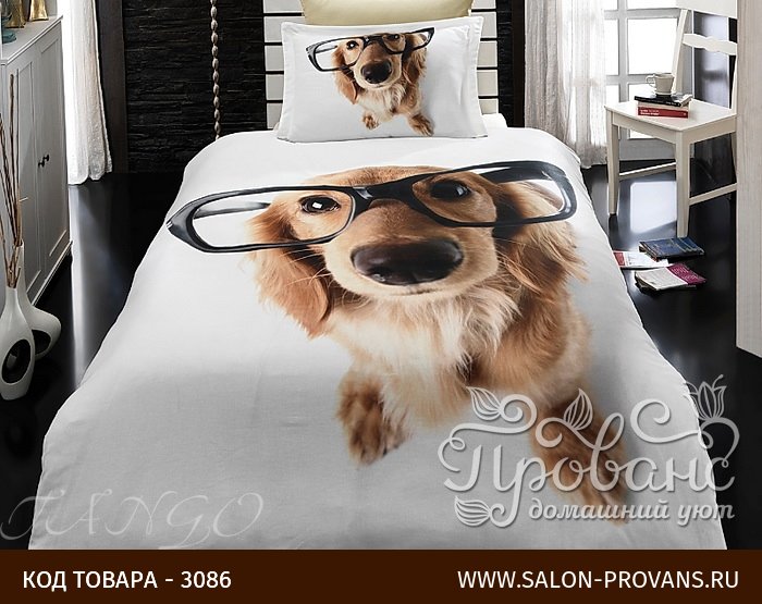 Белое постельное белье, на котором нарисован забавный пес в очках – задорный и милый аксессуар для спальни. Это белье можно назвать минималистским – оно лаконично и не содержит в себе лишних украшательств. Белая ткань и светло-коричневый пес – эффектная картинка, которая придется по вкусу всем любителям такого стиля.
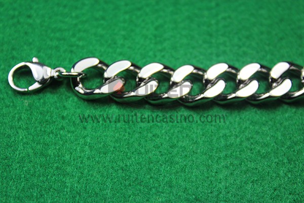 This is new developed poker bracelet for poker player and or winner, made from stainless and pollish it,good quality,total 22cm lengh and 1.2cm width of the chain. 22gram. perfect for poker room winner tropher and poker player, very cool bracelet.
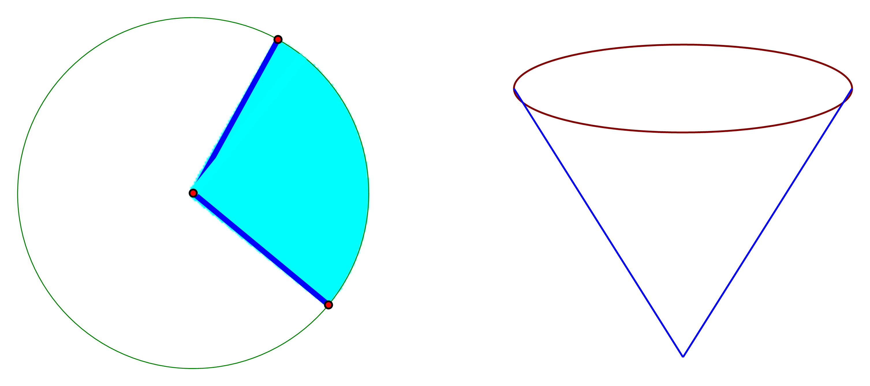 Bài tập 2. Với một miếng tôn hình tròn có bán kính bằng R = 6cm. Người ta muốn làm một cái phễu bằng cách cắt đi một hình quạt của hình tròn này và gấp phần còn lại thành hình nón (như hình vẽ).
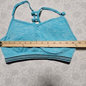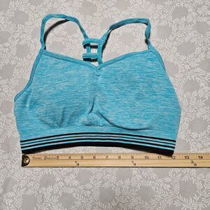 Jockey Sports Bra Size XL Turquoise with Black Stripes Removable pads Please reference photos for measurements and condition. Compare measurements to a clothing item that fits great for best results. Colors may vary slightly due to lighting and/or device used for viewing. Thanks for taking a look!
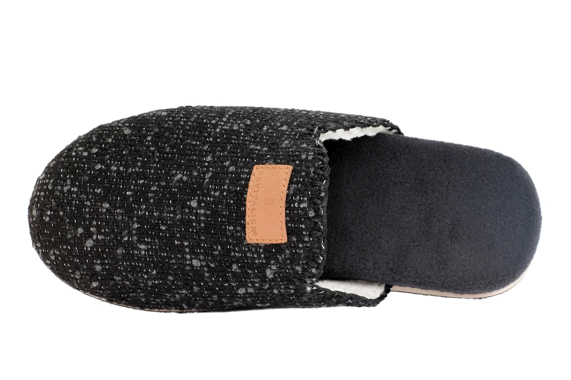 I am Very Happy with this Alder Knit Slipper. Very Good feel right out of the box. I was a little worried how the foot bed would feel, as I have flat feet with a high instep, but these work for me. They call them a slipper, but I will be wearing these out & about with jeans, long skirt, and especially with all my sweater pants & cashmere this winter. My feet will be Happy And I will be Stylin ! I got these in both the black and the Oatmeal colors. Beautiful materials and the big plus is the cozy warm inside lining all the way to the toes. I am new to the Revitalign brand, but am sold on the way they take care of our feet while offering us great design & materials.
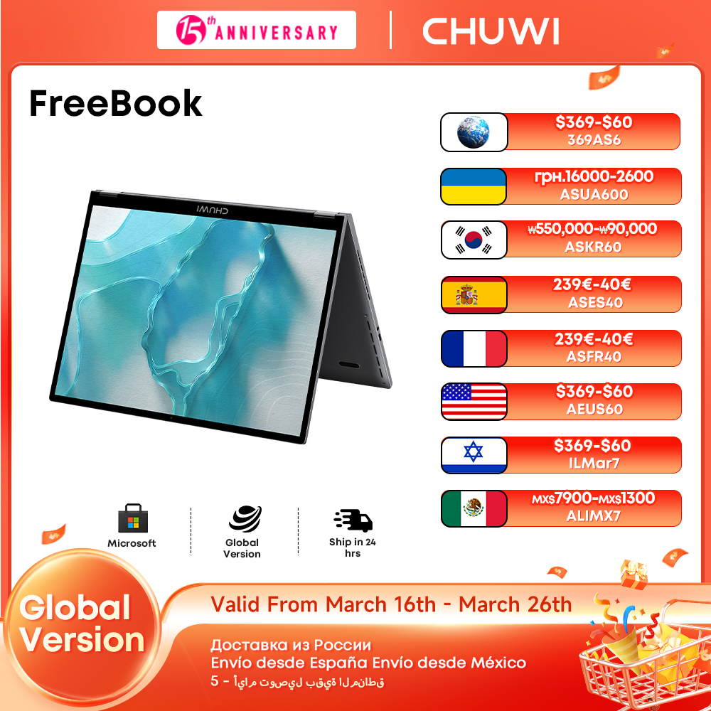 Brand: CHUWI Model: FreeBook (N100)/i3 1215U; OS: Windows 11 CPU: Intel Alder Lake-N N100/Intel Core i3-1215U; Core: Dual Core, Up to 0.8GHz-3.4GHz Battery: 38Wh,7.6V |

TASK TO COMPLETE
Working from the entries above, please transcribe only the lines from the line with "Bài tập 2. Với" through the line with "Jockey Sports Bra", exactly, with both end lines and without pictures.

RESPONSE BELOW
 Bài tập 2. Với một miếng tôn hình tròn có bán kính bằng R = 6cm. Người ta muốn làm một cái phễu bằng cách cắt đi một hình quạt của hình tròn này và gấp phần còn lại thành hình nón (như hình vẽ).
 Jockey Sports Bra Size XL Turquoise with Black Stripes Removable pads Please reference photos for measurements and condition. Compare measurements to a clothing item that fits great for best results. Colors may vary slightly due to lighting and/or device used for viewing. Thanks for taking a look!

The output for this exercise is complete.